Querying the Dependency Net

OK, ok, so just yesterday I posted that it was easy to determine what queries were being used by the browsers to get the data underlying the view.  Of course it’s easy to get them, but without a teensy weensy bit of documentation, it’s not necessarily easy to understand what the parameters mean or possibly what the results mean.

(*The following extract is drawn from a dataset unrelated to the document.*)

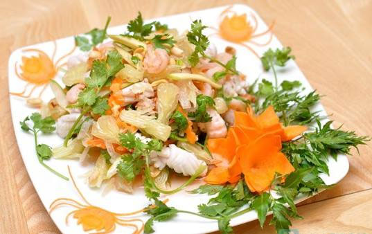 Cách làm: Bưởi tách vỏ lấy các múi bưởi rồi tách cho các múi bưởi rời ra. Tôm luộc chín, lột vỏ. Mực làm sạch , chần qua nước sôi có chút gừng để loại bỏ mùi tanh.
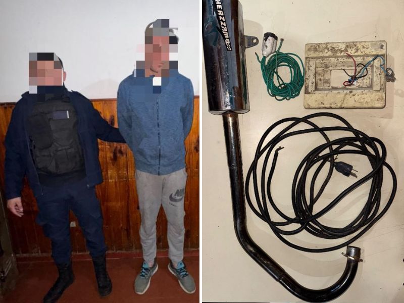 El hecho fue denunciado el pasado 30 de junio por una mujer de 22 años, quien relató que, alrededor de las 17:30 horas del 30 de junio, se presentaron en su domicilio dos hombres. Uno de ellos comenzó a exigirle una suma de dinero que —según dijo— le debía su marido, e intentó agredirla físicamente. Ante esto, la víctima logró cerrar la puerta, aunque minutos más tarde el agresor ingresó por la parte trasera de la vivienda, sustrayendo sin ejercer violencia un caño de escape de motocicleta y cables de alta tensión, para luego darse a la fuga junto a su cómplice.

For instance, take the dependency net – everybody loves the dependency net – it’s cool and shows that “high-level information” that everybody craves.  For example, this picture showing how “Die Hard” is the nexus linking Beverly Hills Cop with the Lethal Weapon family of movies.

image

Whatever.

Anyway, to get this information we call the deceptively simple ARGetNodeGraph function, that is, for Association Rules models, like this:

 CALL System.ARGetNodeGraph('Associate Movies', 60)

With the first parameter being the name of the model and the second being the number of nodes to return.  The function chooses nodes using a heuristic that considers the popularity of the node and balances between inputs and outputs in order to produce a nice result.

That’s easy enough – let’s take a look at the output (truncated for space)

image

Whoa!  That’s a bit more complex.

Basically the output is divided into two sections indicated by the "NODE_TYPE” column.  The “NODE_TYPE” column actually has nothing to do  with a node type and (if I had to guess, which I don’t) I would say that NODE_TYPE was used to reuse names from the MINING_CONTENT schema rowset rather than be the most accurate moniker for the column itself.  NODE_TYPE is actually the ROW type, and has the values 1 or 2.  If the NODE_TYPE is 1, then the row represents a NODE in the graph.  If the NODE_TYPE is 2, the row represents an EDGE in the graph.  All of the other column interpretations depend on the type of row.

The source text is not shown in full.